Now we need connectivity to this Remote Site IP through this new SNIP. This means making a route to the Remote IP using the Gateway IP of the Local Site IP subnet:

> show route
    Network          Netmask          Gateway/OwnedIP  State   Traffic Domain  Type
    -------          -------          ---------------  -----   --------------  ----
1)    0.0.0.0          0.0.0.0          10.107.100.129   UP      0              STATIC
2)    127.0.0.0        255.0.0.0        127.0.0.1        UP      0              PERMANENT
3)    10.107.100.128   255.255.255.192  10.107.100.131   UP      0              DIRECT
4)    10.232.9.0       255.255.255.0    10.232.9.10      UP      0              DIRECT
5)    10.232.252.0     255.255.255.0    10.232.252.39    UP      0              DIRECT
6)    172.16.0.0       255.255.0.0      172.16.98.10     UP      0              DIRECT
7)    10.232.0.0       255.255.0.0      10.232.9.1       UP      0              STATIC
8)    10.107.198.0     255.255.255.0    172.16.98.11     UP      0              STATIC
9)    192.168.10.10    255.255.255.255  172.16.98.11     UP      0              STATIC

Make sure there is connectivity to the gateway by checking your ARP table:

> show arp
    IP               MAC                Iface VLAN  Origin     TTL     Traffic Domain
    --               ---                ----- ----  ------     ---     --------------
1)    127.0.0.1        7e:57:xx:f3:20:xx  LO/1  1     PERMANENT  N/A    0     
2)    172.16.98.11     a6:fc:xx:cb:d6:xx  1/1   1     DYNAMIC    357    0     
3)    172.16.98.10     7e:xx:xx:f3:20:xx  LO/1  1     PERMANENT  N/A    0     
4)    10.232.252.39    7e:xx:xx:f3:20:cb  LO/1  1     PERMANENT  N/A    0     
5)    10.107.100.145   ca:73:xx:d0:b5:xx  1/1   1     DYNAMIC    624    0     
6)    10.107.100.131   7e:57:xx:f3:20:xx  LO/1  1     PERMANENT  N/A    0     
7)    10.107.100.129   00:1d:xx:99:91:xx  1/1   1     DYNAMIC    855    0     
8)    10.107.100.140   02:0d:xx:24:3e:xx  1/1   1     DYNAMIC    622    0 


If this configuration is in place we should see SYNC packets on port 3010 or 3008 using this SNIP:

09:43:33.099660 IP 172.16.98.10.9740 > 192.168.10.10.3010: Flags [S], seq 47246822, win 65535, options [mss 1460,nop,wscale 3,sackOK,TS val 349507918 ecr 0], length 0
09:43:33.100040 IP 192.168.10.10.3010 > 172.16.98.10.9740: Flags [S.], seq 133784141, ack 47246823, win 8190, options [mss 1460,nop,wscale 4,nop,nop,sackOK], length 0
09:43:33.100096 IP 172.16.98.10.9740 > 192.168.10.10.3010: Flags [.], ack 1, win 8212, length 0


Important Note:
1) I have considered the Remote Site IP above as Public IP, so appropriate firewall rules need to be configured to allow this traffic.

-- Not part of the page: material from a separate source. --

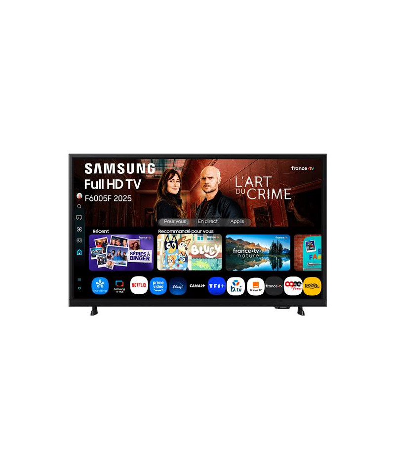Téléviseur LED Full HD 81 cm - Samsung TU32F6005FK - Ce téléviseur Full HD vous propose l’essentiel de l’expérience Samsung dans un format compact de 32 pouces - Idéal pour une chambre, une cuisine ou un bureau, il combine une résolution Full HD (1920 x 1080) à un affichage LED lumineux avec support HDR10+ pour une image plus contrastée - Le traitement Micro Dimming Pro optimise les zones sombres et claires de l’image pour un rendu plus homogène - Côté son, ce modèle bénéficie de la technologie OTS Lite pour une spatialisation sonore immersive, et du Q-Symphony pour synchroniser les haut-parleurs de la TV avec ceux d’une barre de son compatible - La puissance audio est de 10W en 2.0 canaux - L’interface Smart TV Tizen donne accès aux principales plateformes de streaming dans une navigation fluide ainsi qu'aux applications opérateurs comme B.TV+, Orange TV, SFR TV ou OQEE by Free - Il est compatible CI+ (1.4) et propose une connectique simple mais suffisante avec 2 ports HDMI, 1 port USB-A et un port Ethernet - Son design noir sobre avec pieds bas se fond facilement dans tous les décors.

We need to open 3008 and 3010 ports from Local Site SNIP  to Remote Public Site IP on the firewall. Similar changes need to be done on the remote site too.
2) If multiple SNIP's are configured on the local site in same subnet for the route configured, then any one of the SNIP can be used as source IP for SYNC communication. Accordingly firewall rules need to be configured at both the sites.
 

By Default, NetScaler uses SNIP for MEP communication between the Local and Remote sites and NSIP for Config SYNC between the two devices. But there are some implementations where NSIP does not have internet access and hence cannot use this Auto-Sync feature.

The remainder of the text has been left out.